Goal of the exercise:
Everything in the records except the pictures must be copied out exactly.

Information given:
━━━━━━

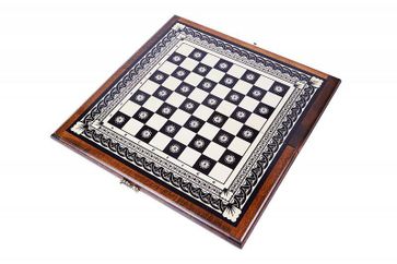 Инкрустированная шахматная доска – атрибут, без которого не обойтись всем любителям этой классической настольной игры. Выполненная из натурального массива бука и инкрустированная в технике маркетри доска – настоящее произведение искусства. Разыгрывать шахматную партию на ней – чистейшее удовольствие. По краю доска, скрепляющаяся нержавеющими износостойкими петлями, украшена оригинальным узором. Кроме того, она полностью покрыта защитным лаком, увеличивающим долговечность.
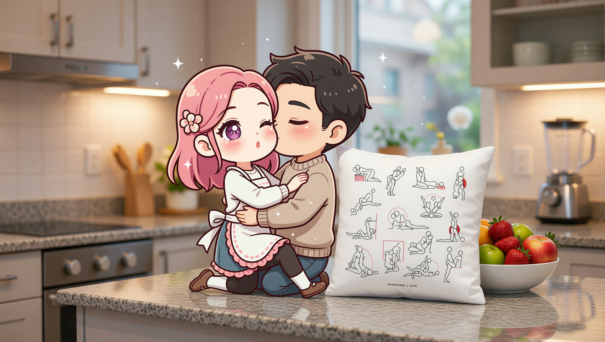 Ella se sienta en el borde de la encimera con piernas abiertas. Él se para frente a ella, entra suavemente guiando sus caderas. Mantén contacto visual para intensificar la conexión.
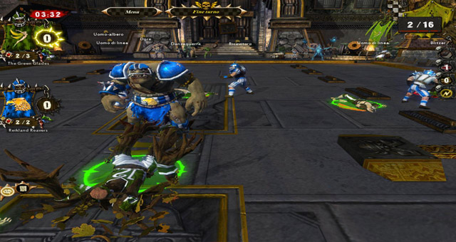 Sempre per quanto riguarda l’area di gioco, le caselle sono classificate in due modi, ci sono quelle verdi e quelle con due dadi rappresentati: le prime servono per spostarsi mentre le seconde possono azionare una delle tecniche descritte poco sopra, stordire un avversario o tentare di schivarlo – dico tentare perché quando il vostro giocatore sarà a tiro, quello avversario cercherà di placcarvi lanciando i suoi dadi e oltre alla fortuna, vincerà chi ha caratteristiche più forti.
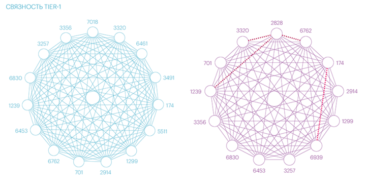Связность Tier-1 IPv4 (слева) и Tier-1 IPv6 (справа)
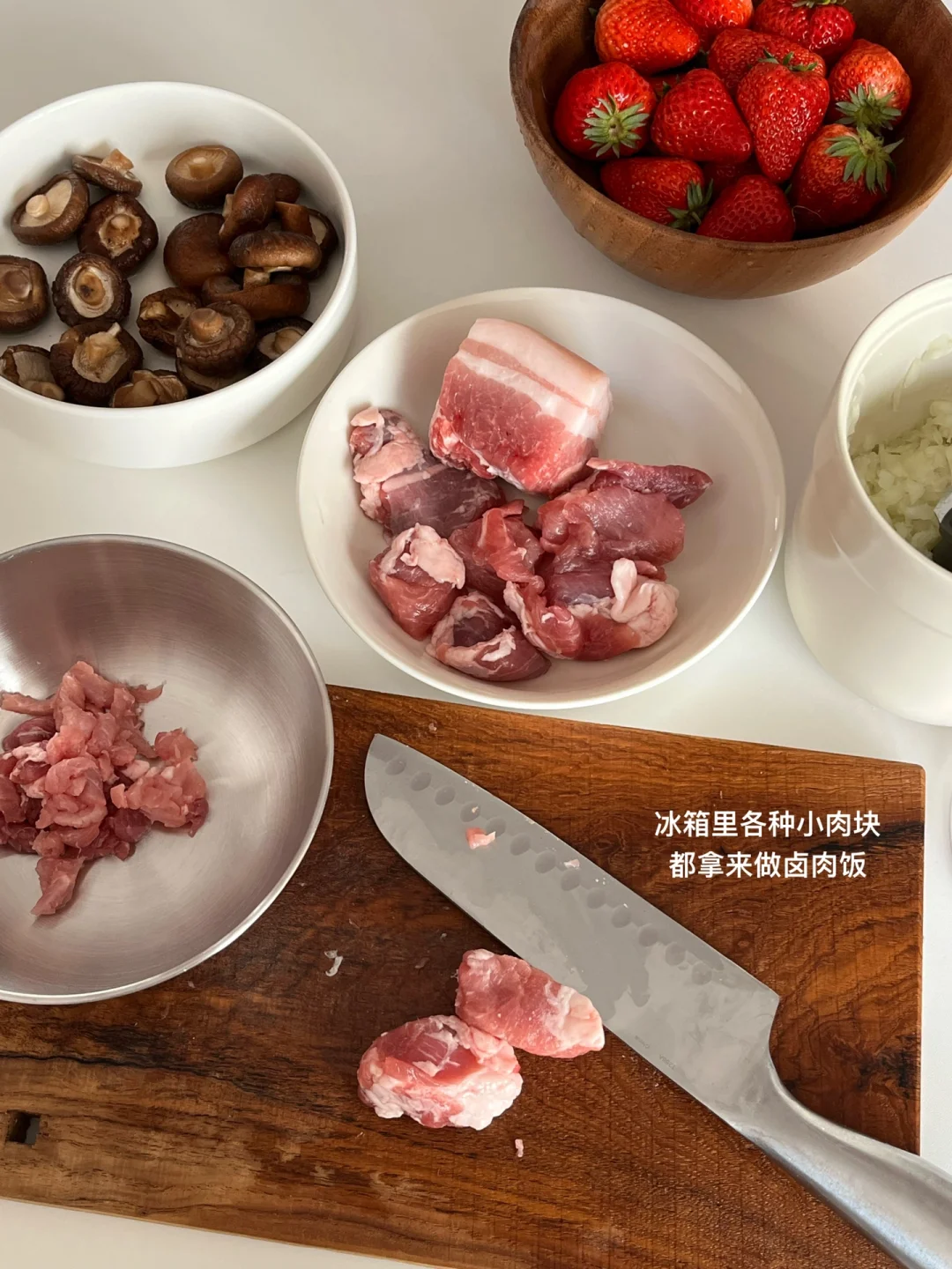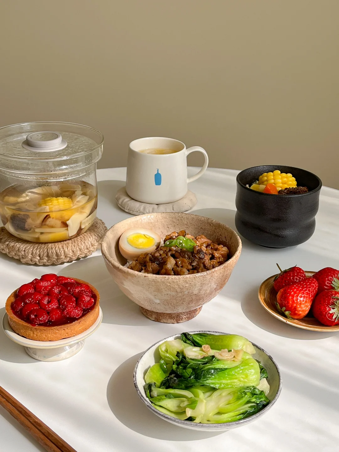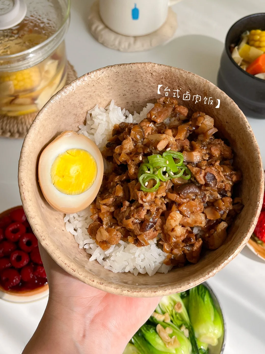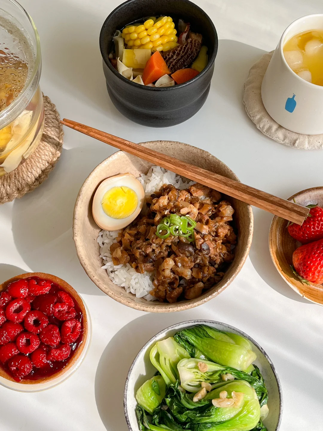 今天的饭: 台式卤肉饭🍖 覆盆子挞🍒 蒜炒上海青 腌笃鲜🎍 冰橙汁🧃草莓🍓 腌笃鲜🎍 趁着春天笋最嫩的时候来一碗腌笃鲜吧 简单的隔水炖味道也不错 鲜掉眉毛啦 喝一口汤 一口笋 一口玉米… 配上自己做的卤肉饭 就一个字 香! 台式卤肉饭🍖 卤肉炖得软软糯糯 肥而不腻 入口即化~ 一般用带皮的五花肉 我把家里库存肉都清空了 用炒出的猪油炸洋葱和香菇丁 再放黄酒/米酒 出香味再放酱油和黄冰糖 小火咕嘟1个小时 记得多留点汤汁 浓郁的酱汁裹着每一粒米饭 一口下去 什么疲惫都不见了[派对R][派对R]
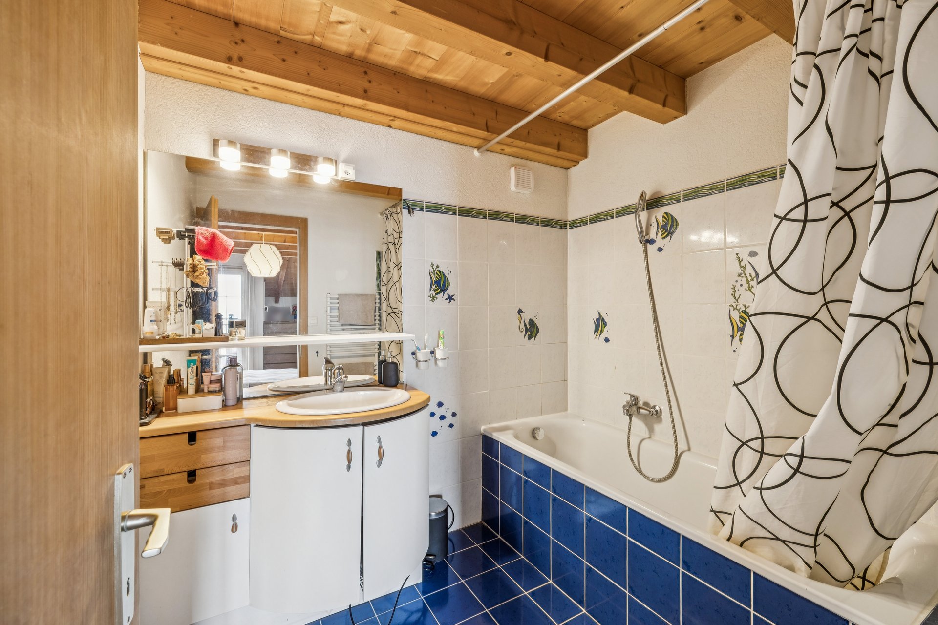 L’étage supérieur propose deux belles chambres, une salle de bain ainsi qu’un WC séparé. Un balcon apporte encore un confort supplémentaire et une agréable ouverture sur l’extérieur.
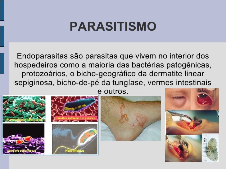 15. 15. PARASITISMO Endoparasitas são parasitas que vivem no interior dos hospedeiros como a maioria das bactérias patogênicas, protozoários, o bicho-geográfico da dermatite linear sepiginosa, bicho-de-pé da tungíase, vermes intestinais e outros.
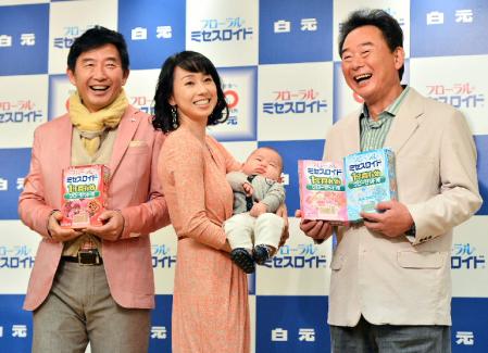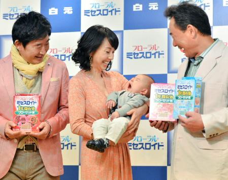 8日から全国でオンエアされる新CMは、ベッドで寝ている理汰郎君の顔が修氏に変わり、石田が仰天して飛びのくという内容。修氏はベビー用の帽子をかぶっての撮影で、理子は「よく仕事を受けたな。本当によくやったなと思いました」と感心しきり。一方の石田は「心の底から笑いました」と言い切った。また修氏の撮影はNG連発で35回目のテークでOKが出たという。
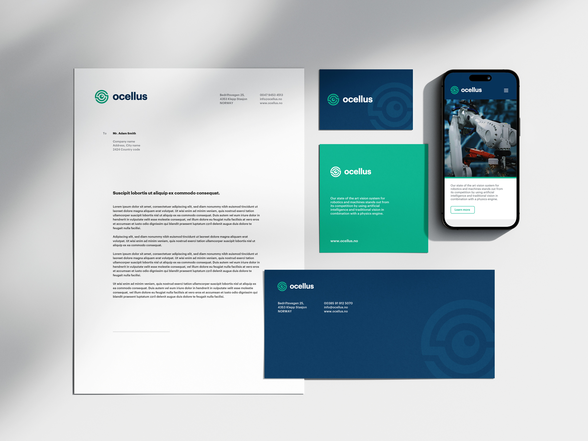 Brand identity for Ocellus, state of the art vision system for robotics and machines, that stands out from its competition by using AI and traditional vision in combination with a physics engine.

━━━━━━

Reply to the exercise:
 Инкрустированная шахматная доска – атрибут, без которого не обойтись всем любителям этой классической настольной игры. Выполненная из натурального массива бука и инкрустированная в технике маркетри доска – настоящее произведение искусства. Разыгрывать шахматную партию на ней – чистейшее удовольствие. По краю доска, скрепляющаяся нержавеющими износостойкими петлями, украшена оригинальным узором. Кроме того, она полностью покрыта защитным лаком, увеличивающим долговечность.
 Ella se sienta en el borde de la encimera con piernas abiertas. Él se para frente a ella, entra suavemente guiando sus caderas. Mantén contacto visual para intensificar la conexión.
 Sempre per quanto riguarda l’area di gioco, le caselle sono classificate in due modi, ci sono quelle verdi e quelle con due dadi rappresentati: le prime servono per spostarsi mentre le seconde possono azionare una delle tecniche descritte poco sopra, stordire un avversario o tentare di schivarlo – dico tentare perché quando il vostro giocatore sarà a tiro, quello avversario cercherà di placcarvi lanciando i suoi dadi e oltre alla fortuna, vincerà chi ha caratteristiche più forti.
Связность Tier-1 IPv4 (слева) и Tier-1 IPv6 (справа)
 今天的饭: 台式卤肉饭🍖 覆盆子挞🍒 蒜炒上海青 腌笃鲜🎍 冰橙汁🧃草莓🍓 腌笃鲜🎍 趁着春天笋最嫩的时候来一碗腌笃鲜吧 简单的隔水炖味道也不错 鲜掉眉毛啦 喝一口汤 一口笋 一口玉米… 配上自己做的卤肉饭 就一个字 香! 台式卤肉饭🍖 卤肉炖得软软糯糯 肥而不腻 入口即化~ 一般用带皮的五花肉 我把家里库存肉都清空了 用炒出的猪油炸洋葱和香菇丁 再放黄酒/米酒 出香味再放酱油和黄冰糖 小火咕嘟1个小时 记得多留点汤汁 浓郁的酱汁裹着每一粒米饭 一口下去 什么疲惫都不见了[派对R][派对R]
 L’étage supérieur propose deux belles chambres, une salle de bain ainsi qu’un WC séparé. Un balcon apporte encore un confort supplémentaire et une agréable ouverture sur l’extérieur.
 15. 15. PARASITISMO Endoparasitas são parasitas que vivem no interior dos hospedeiros como a maioria das bactérias patogênicas, protozoários, o bicho-geográfico da dermatite linear sepiginosa, bicho-de-pé da tungíase, vermes intestinais e outros.
 8日から全国でオンエアされる新CMは、ベッドで寝ている理汰郎君の顔が修氏に変わり、石田が仰天して飛びのくという内容。修氏はベビー用の帽子をかぶっての撮影で、理子は「よく仕事を受けたな。本当によくやったなと思いました」と感心しきり。一方の石田は「心の底から笑いました」と言い切った。また修氏の撮影はNG連発で35回目のテークでOKが出たという。
 Brand identity for Ocellus, state of the art vision system for robotics and machines, that stands out from its competition by using AI and traditional vision in combination with a physics engine.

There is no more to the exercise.